Most celebrity couples share a jet. Jay-Z and Beyoncé have two — and one of them was a Father’s Day gift.
In 2012, four months after the birth of Blue Ivy Carter, Beyoncé gave her husband a Bombardier Challenger 850 valued at $40 million. Not a watch, not a car, not a piece of jewelry. A private jet — complete with a master bedroom, full kitchen, and seating for up to 16 passengers. It remains, by most accounts, the most extravagant Father’s Day present in recorded history.
That gift is the centrepiece of a wider aviation story: a combined fleet worth over $115 million, a tail number encoded with personal meaning, carbon emissions that drew public scrutiny, and a 2023 flagship upgrade to one of the most capable business jets Bombardier has ever built. This is the complete guide to how hip-hop’s wealthiest couple flies.
Some quick facts about Jay-Z and Beyoncé’s private jets:
Quick facts about Jay-Z and Beyoncé’s private jets
Jay-Z and Beyoncé’s Complete Private Jet Fleet
The Carter family fleet consists of two Bombardier aircraft — a Canadian manufacturer that has become their brand of choice across multiple upgrades. Both jets remain in active service.
The “444” Tail Number: Hidden in Plain Sight
Aviation enthusiasts and fans noticed it quickly when the Global 7500 was registered: the tail number N44440 contains the number 444 — and that is no coincidence.
The number 4 holds deep personal significance for both Jay-Z and Beyoncé. Jay-Z was born on December 4th. Beyoncé was born on September 4th.

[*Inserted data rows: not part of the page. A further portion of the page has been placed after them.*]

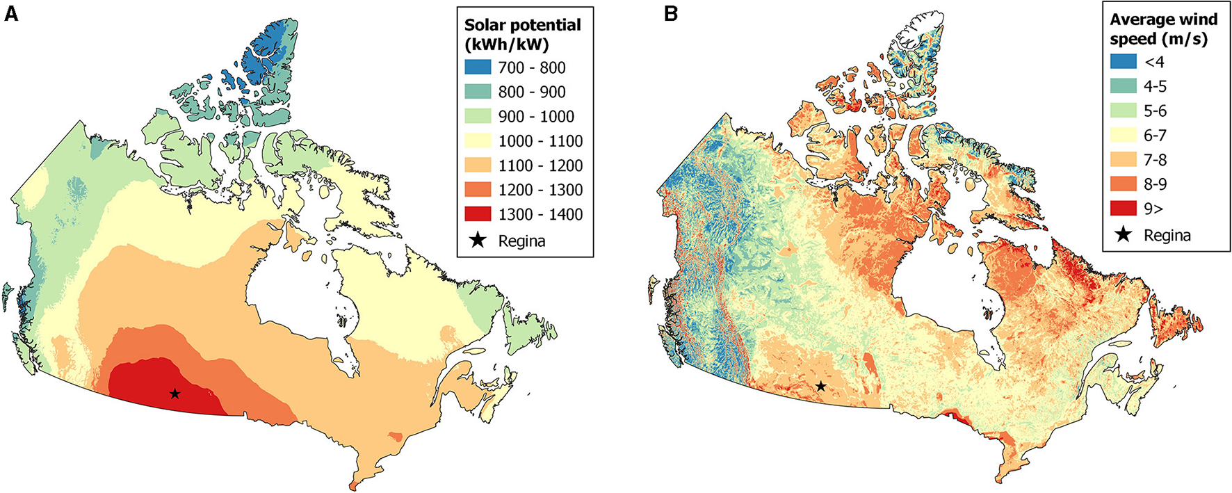 (A) Solar potential map (Government of Canada et al., 2020) (left) and (B) wind potential map (Global Wind Atlas, 2019) (right).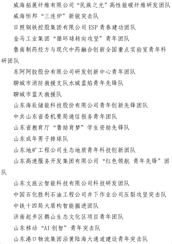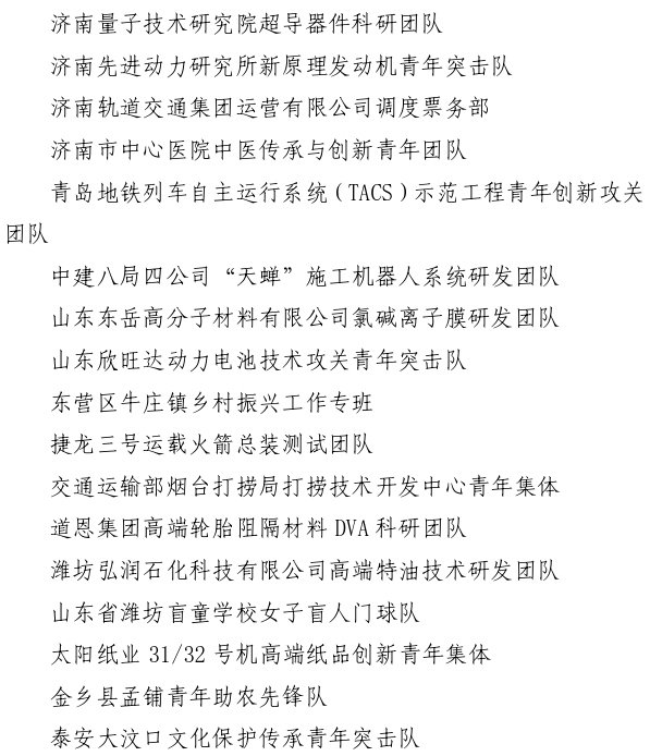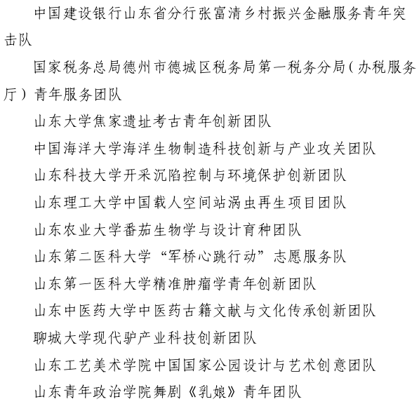 第27届山东青年五四奖章集体名单(共50个)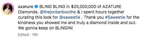 “Thank you #Saweetie for the kindness you showed me and truly a diamond inside and out. We gonna keep on BLINGIN!”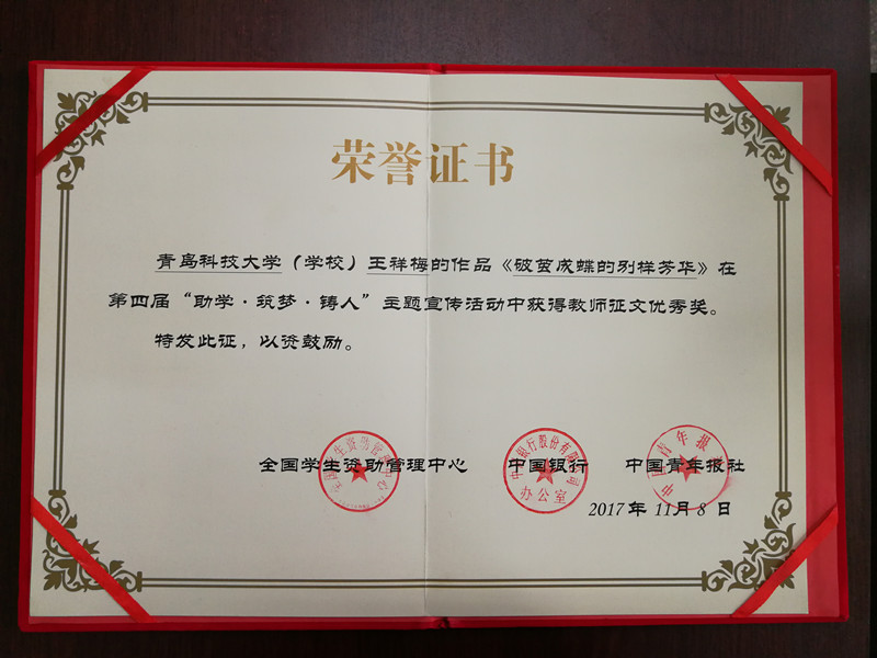 近日,由全国学生资助管理中心、中国银行、中国青年报社主办的第四届“助学·筑梦·铸人”主题宣传活动获奖名单公布,天游官网王祥梅老师荣获教师征文优秀奖(全国共50名),这是天游官网在此项活动中的首次获奖。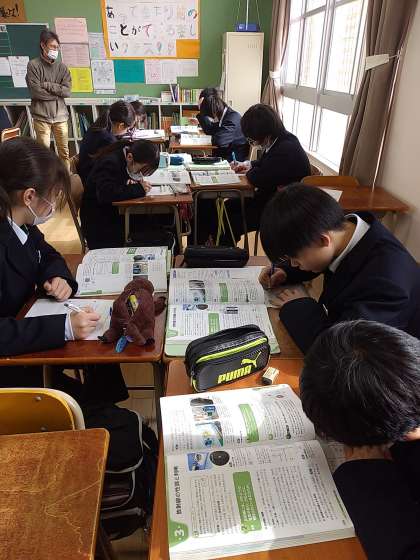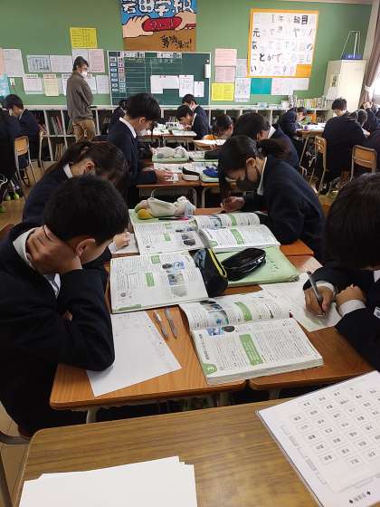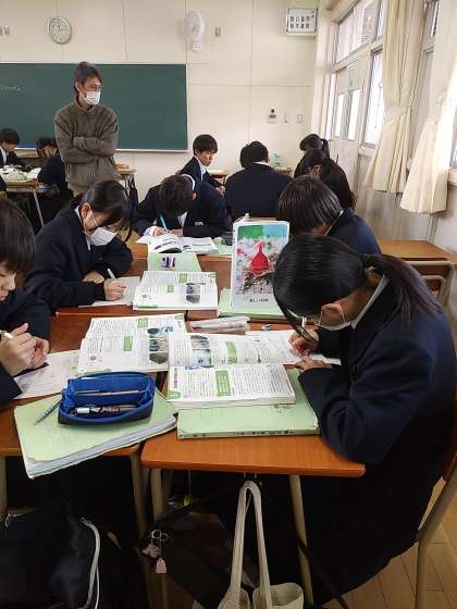 班に分かれて放射線の特徴を1一人ひとりがまとめる形式で授業を進めました。放射線の歴史的な発見やその利用についてまとめました。

They married on April 4, 2008. Jay-Z’s 2017 album is titled 4:44. Beyoncé’s fourth studio album is simply titled 4. The number appears across their careers, their family milestones, and now — embedded twice into the registration of their flagship aircraft — in the sky.
Why MAV 4 LLC?
Jay-Z registered the Global 7500 under MAV 4 LLC — a New York City-based company he controls, and the same entity that owned his previous aircraft. The “4” in the company name is consistent with the broader pattern. Registering jets under shell companies is standard practice among high-net-worth individuals for privacy, tax, and liability reasons — but Jay-Z’s choice of name suggests the personal signature was deliberate.
The Origin Story: A $40 Million Father’s Day Present
Blue Ivy Carter was born on January 7, 2012. Four months later, on Father’s Day, Beyoncé gave her husband a Bombardier Challenger 850.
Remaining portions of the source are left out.